## What is being asked
What you return should match the listing exactly, minus its images.

## Data excerpt

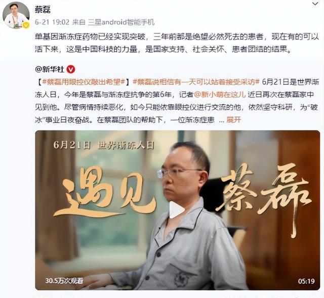 今年3月,他彻底说不出话,AI语音却第一次用他自己的声音开了口:“大家好,我是蔡磊,今天不上链接,上希望。
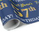 Este design de papel de embrulho apresenta uma mensagem como "First-Name’s 57th BIRTHDAY!", com o "57th" a ter uma aparência falsa/de cor dourada. O nome pode ser personalizado, e o fundo tem cor azul. Talvez possa ser utilizado quando se dá presentes para o cinquenta e sétimo aniversário de alguém. [~Z0000181]
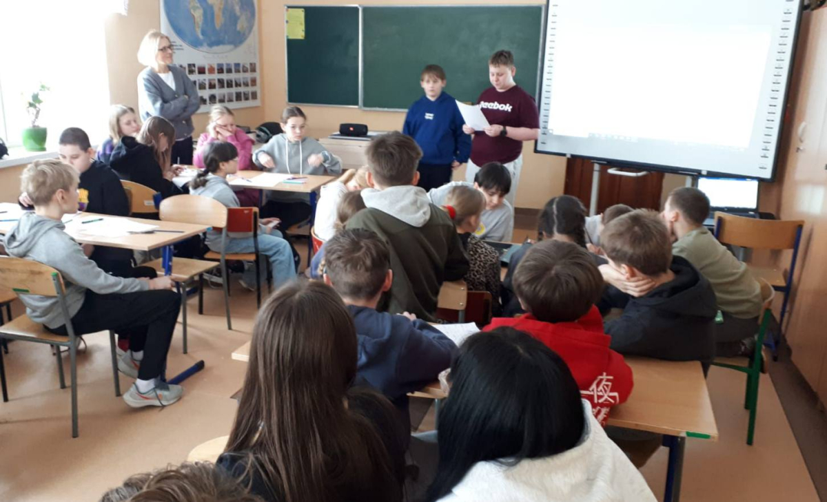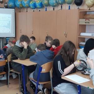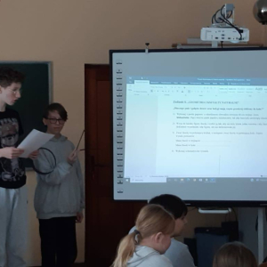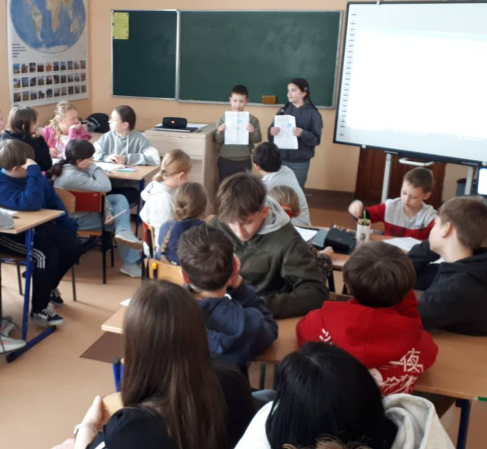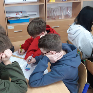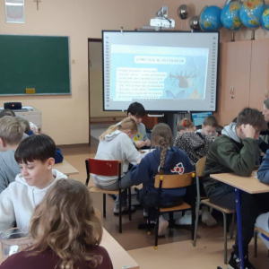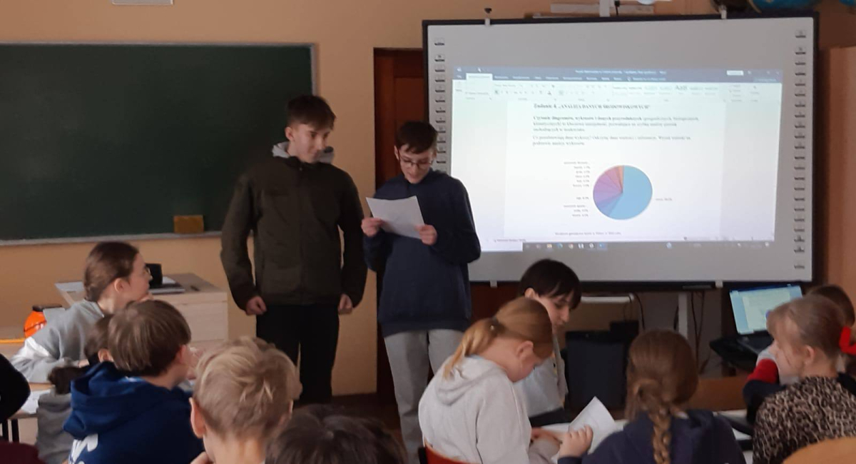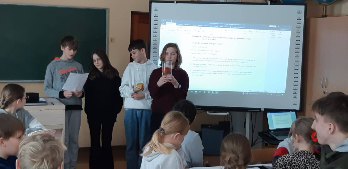 18 lutego uczniowie klas IV – VIII rozpoczęli realizację szkolnego interdyscyplinarnego projektu „Matematyka w świecie przyrody”, którego celem jest odkrywanie i zrozumienie związków między matematyką a otaczającą nas przyrodą. W trakcie spotkania obejrzeli film „Związki matematyki i przyrody”, z wielkim zaangażowaniem wykonali pierwsze praktyczne zadania oraz dokonali ich prezentacji.

## Task result
 今年3月,他彻底说不出话,AI语音却第一次用他自己的声音开了口:“大家好,我是蔡磊,今天不上链接,上希望。
 Este design de papel de embrulho apresenta uma mensagem como "First-Name’s 57th BIRTHDAY!", com o "57th" a ter uma aparência falsa/de cor dourada. O nome pode ser personalizado, e o fundo tem cor azul. Talvez possa ser utilizado quando se dá presentes para o cinquenta e sétimo aniversário de alguém. [~Z0000181]
 18 lutego uczniowie klas IV – VIII rozpoczęli realizację szkolnego interdyscyplinarnego projektu „Matematyka w świecie przyrody”, którego celem jest odkrywanie i zrozumienie związków między matematyką a otaczającą nas przyrodą. W trakcie spotkania obejrzeli film „Związki matematyki i przyrody”, z wielkim zaangażowaniem wykonali pierwsze praktyczne zadania oraz dokonali ich prezentacji.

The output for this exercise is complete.